Because the ADA does not contain technical web design standards, courts and settlement agreements usually rely on the Web Content Accessibility Guidelines created by the World Wide Web Consortium. The version referenced most often in litigation is WCAG 2.1 Level AA. West Virginia also prohibits disability discrimination through the West Virginia Human Rights Act, though most website accessibility cases rely primarily on federal law. Guidance published by the U.S. Department of Justice in March 2022 confirmed that businesses must provide accessible access to services offered online.
ada laws in west virginia and how they apply to websites
Business owners in West Virginia usually think about disability law when a building is renovated. A ramp gets installed near the entrance. A restroom gets wider door frames. Parking spaces change layout.
Those rules come from the Americans with Disabilities Act, a federal law signed on July 26, 1990.
The statute was written during a period when most business interactions happened face-to-face. A customer visited a store. A patient called a doctor’s office to schedule an appointment. A hotel reservation happened through a travel agent or a phone call.
That model changed gradually after 2000.
By the mid-2010s, a large portion of consumer activity had moved online. Restaurant orders. Medical appointment scheduling. Retail purchases. Event ticket sales.
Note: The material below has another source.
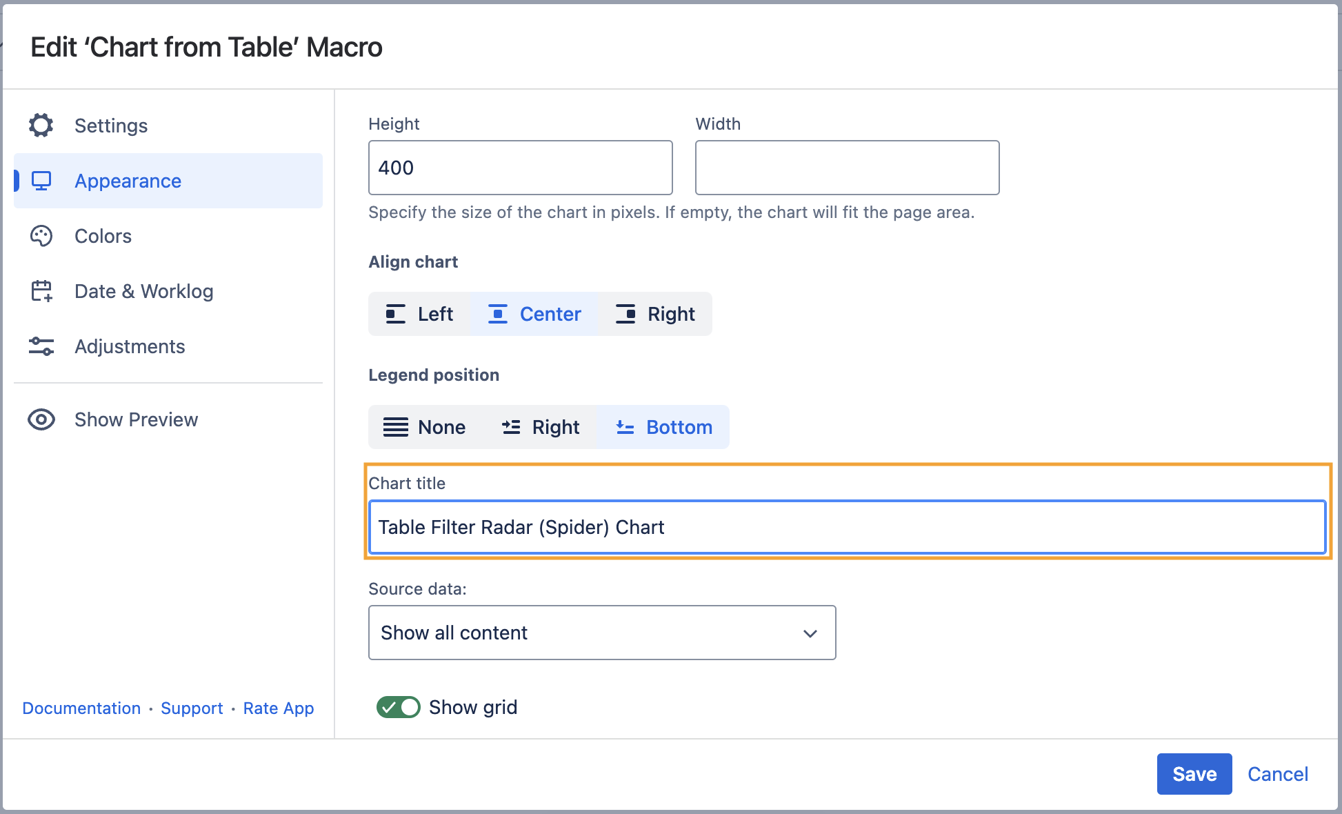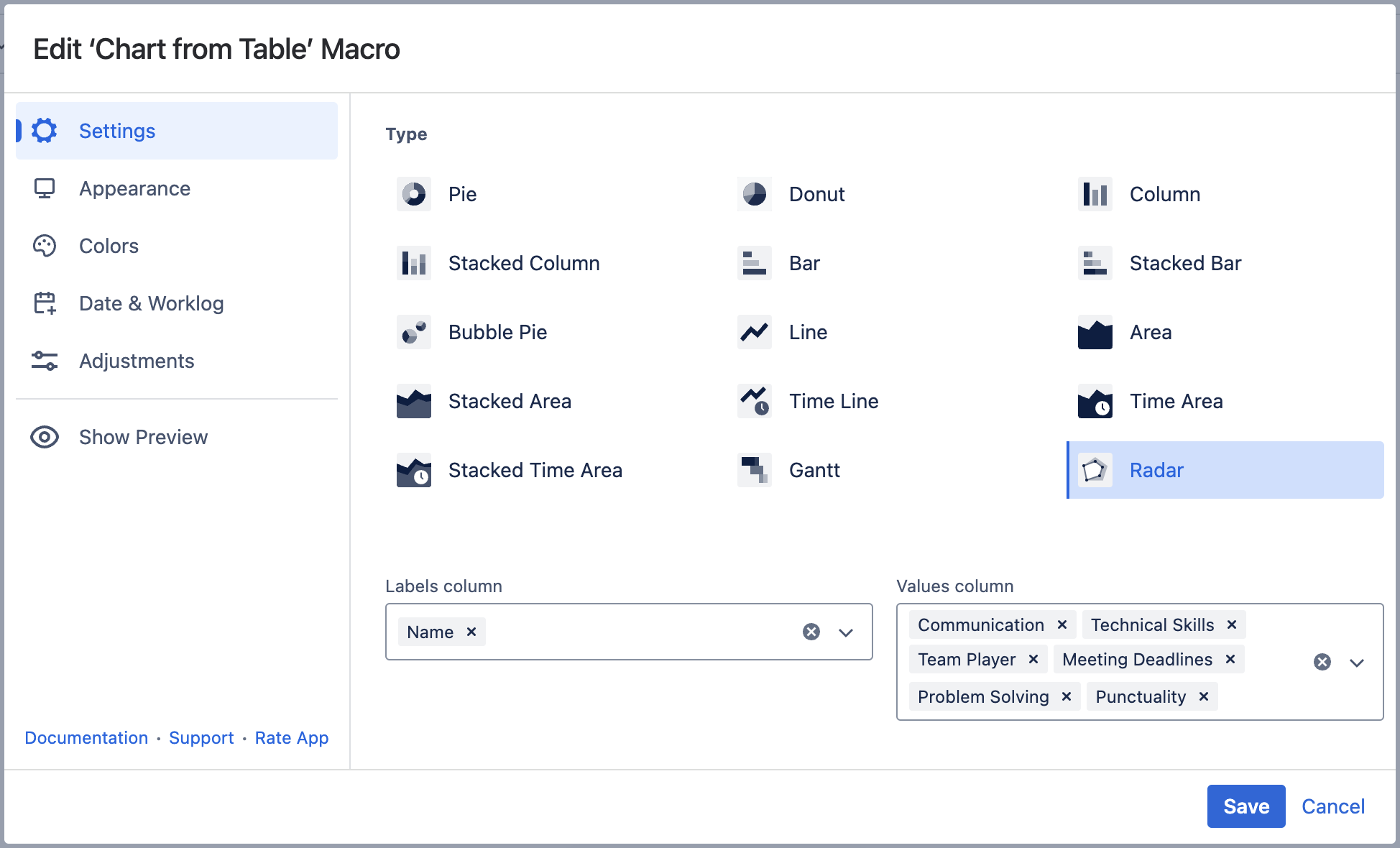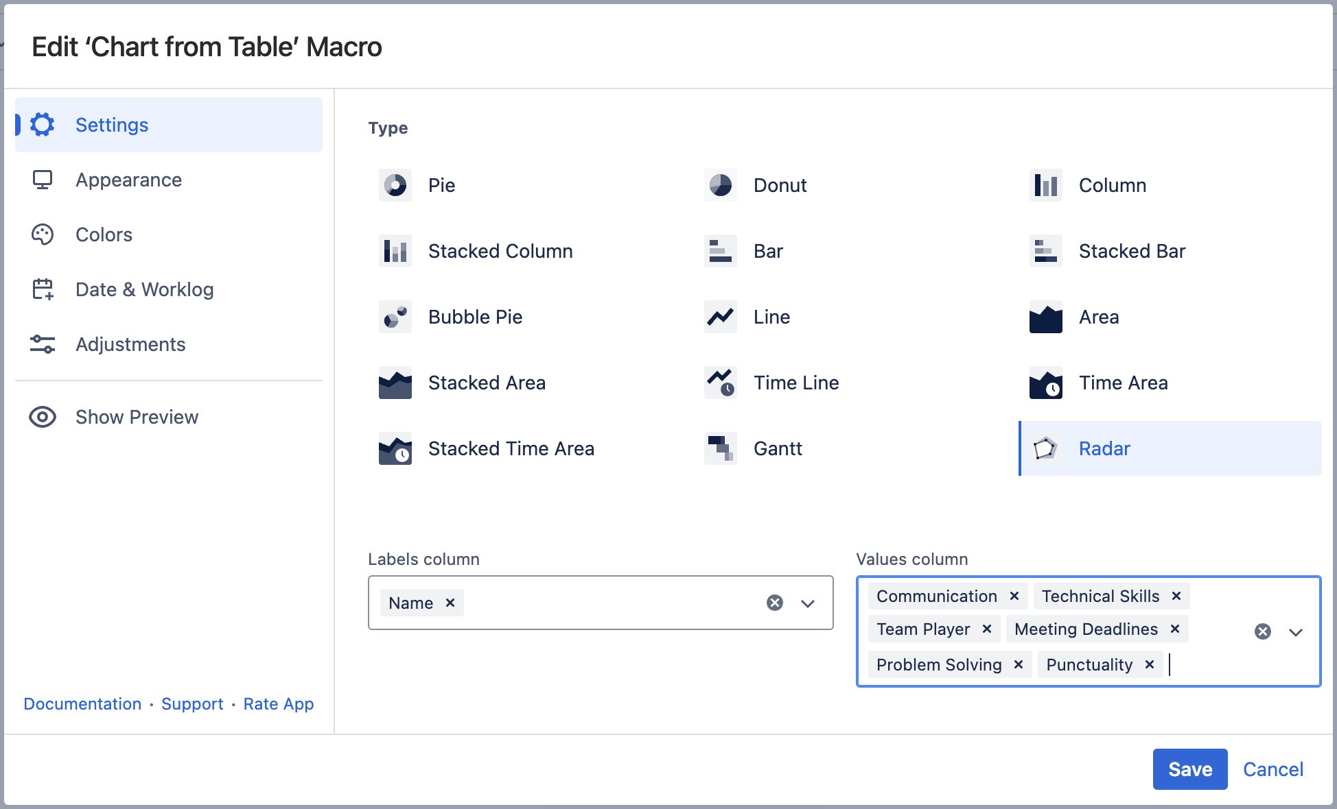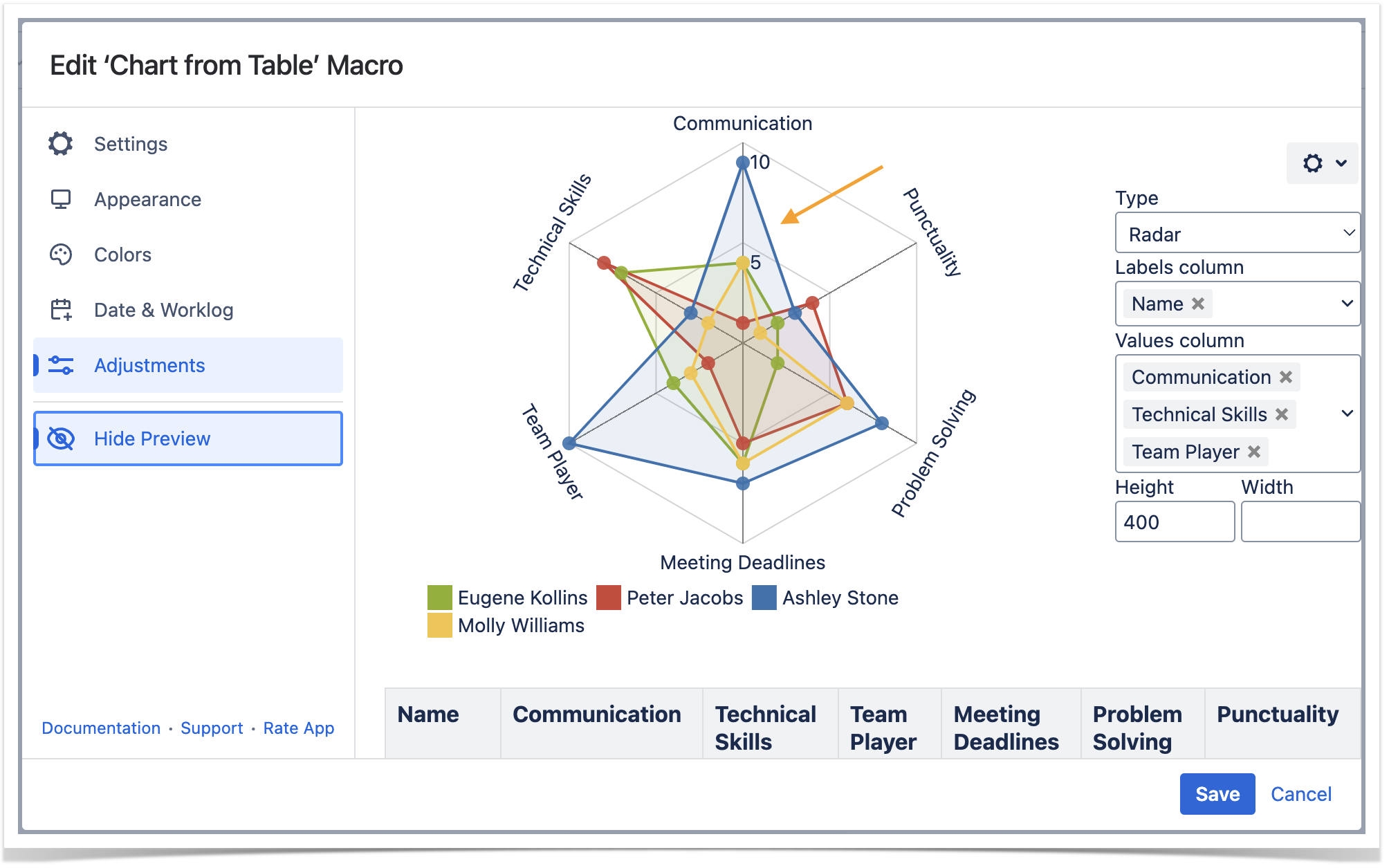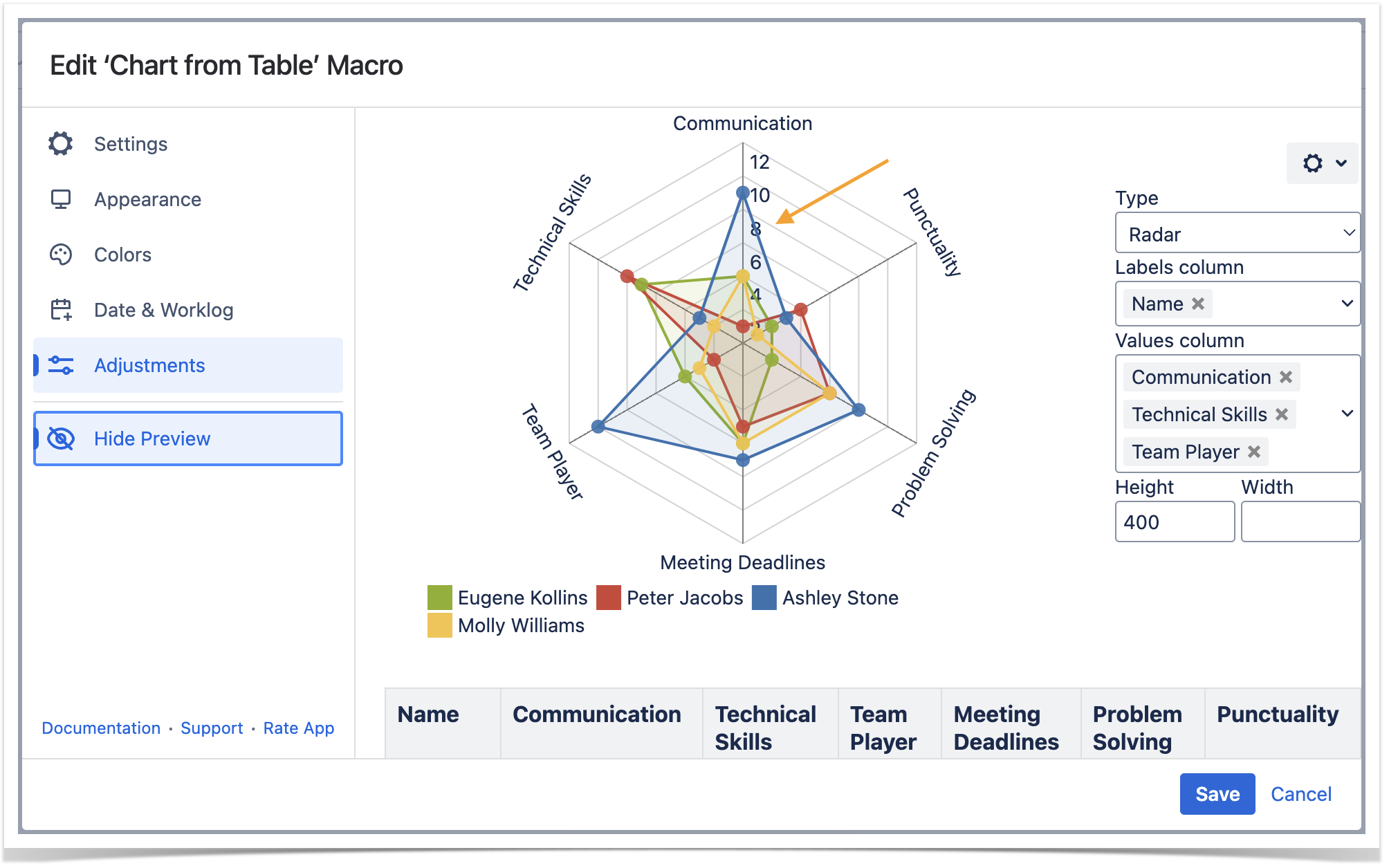 - Insert the Chart from Table macro and paste the table within the macro body.

That shift created a new problem. If a website blocks someone using assistive technology, the person cannot access the service connected to that business.
Federal courts started addressing that problem about twenty years ago.
Many judges concluded that when a website connects customers to services offered by a physical business, the website must provide accessible access under disability law.
That interpretation affects companies operating in West Virginia today.
the part of the ada that affects businesses
The Americans with Disabilities Act contains several sections called titles.
Title I regulates employment discrimination.
Title II regulates state and local government services.
Title III regulates public accommodations.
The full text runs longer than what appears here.